In Lakeside Surfaces, Inc. v. Cambria Company, LLC, Lakeside Surfaces, a stone countertop fabricator, entered into a franchise agreement with Cambria. Lakeside Surfaces agreed to buy stone pieces and products from Cambria, fabricate countertops from those materials, and then sell the fabricated countertops to retailers, builders, and designers. The agreement contained a choice-of-law provision and a forum-selection clause requiring that the laws of Minnesota would govern and any proceeding involving the agreement would take place in Minnesota.

Lakeside Surfaces subsequently filed suit in the Western District of Michigan, bringing claims for (1) breach of contract, (2) violations of the Michigan Franchise Investment Law (MFIL), (3) violations of the UCC, and (4) promissory estoppel. Cambria successfully moved to dismiss the case based on the agreement’s forum-selection clause. On appeal, the Sixth Circuit reversed the dismissal, holding that the forum-selection clause was unenforceable because it conflicted with the MFIL.

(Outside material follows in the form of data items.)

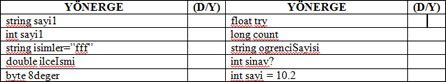 Soru 2: Aşağıdaki değişken tanımlamalarının karşılarına doğru (D) ya da yanlış (Y) olduğunu gösteren ifadeler koyunuz.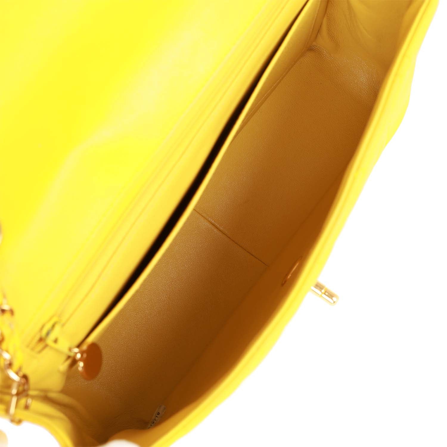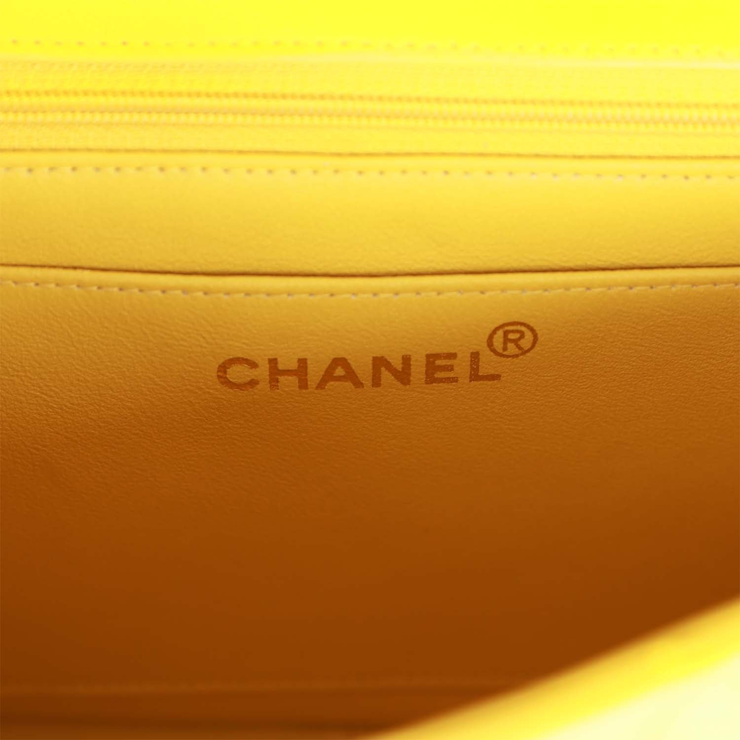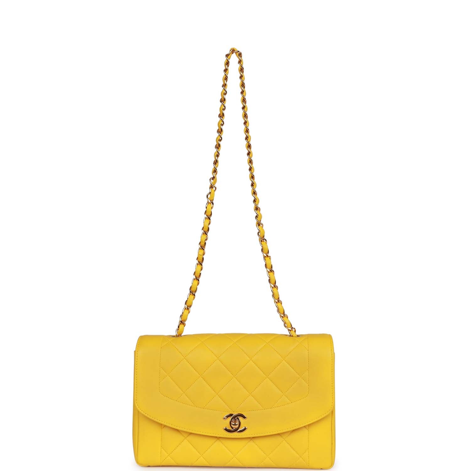 This Vintage Chanel Medium Diana flap bag is in yellow lambskin leather with gold hardware featuring a front flap with classic gold plated CC turnlock closure and an interwoven gold chain link shoulder/crossbody strap.
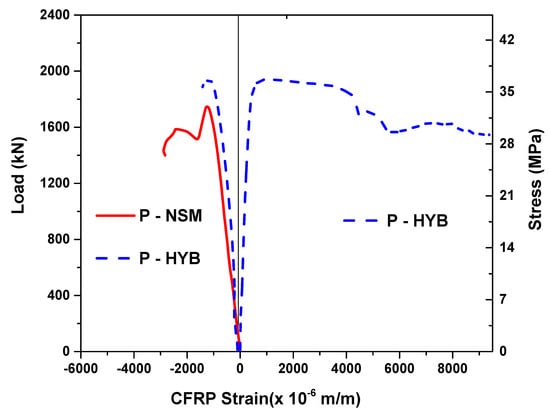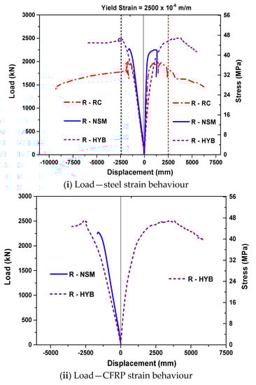 FRP strengthening was able to reduce the overall strain in the specimens when compared to damaged RC specimens (R-RC). Moreover, the hybrid strengthening was able to provide a simultaneous contribution in both longitudinal, transverse reinforcements and CFRP due to which the improvement in overall behaviour was achieved. The transverse strain contribution of CFRP is significant in the case of hybrid strengthening (Figure 6). The effective confinement of NSM laminates using CFRP fabrics helped in resisting the applied additional strain and thereby improved the overall behaviour of the specimen when compared to the only NSM strengthening Scheme.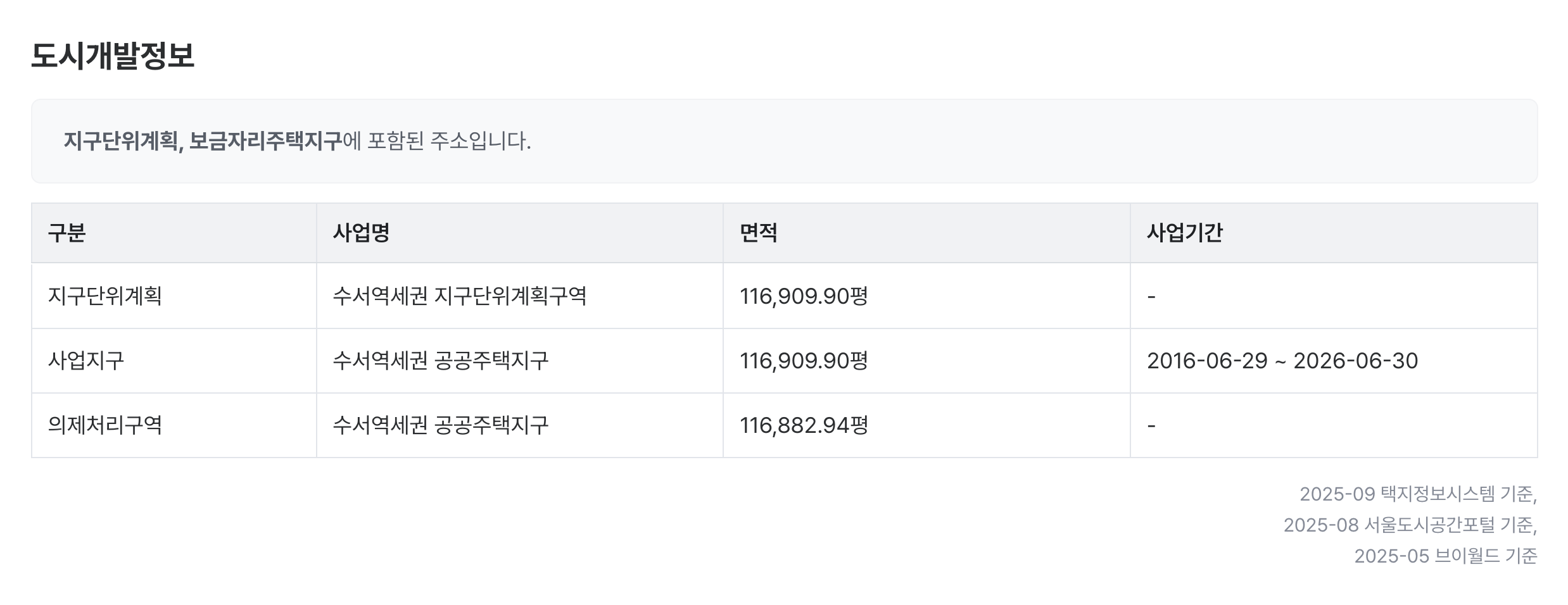 해당 토지/건물이 속한 도시개발정보를 확인하실 수 있습니다.

The MFIL renders void and unenforceable any provision in a franchise agreement requiring that litigation occur outside of Michigan. The MFIL applies to franchises based in Michigan or in situations where the offer or acceptance for the sale of the franchised business occurs in Michigan. The court noted that the Michigan legislature made a specific public-policy decision to alter the default presumption toward enforcing forum-selection clauses. In the narrow area of franchise agreements, the MFIL would govern, overriding any forum-selection clause requiring litigation take place outside of Michigan. Further, while the legislature specifically prohibited forum-selection clauses in franchise agreements, it declined to enact any similar prohibition of choice-of-law provisions. Thus, the parties must litigate in Michigan, but Michigan law need not always govern the dispute. Said another way, Cambria could not use the choice-of-law provision to do something the MFIL expressly prohibited (forcing a franchisee to litigate in an out-of-state forum). Additionally, the court noted that this was limited to causes of actions arising under the MFIL.

Parties to a franchise agreement should review forum-selection laws and evaluate whether a state statute might preclude its enforcement.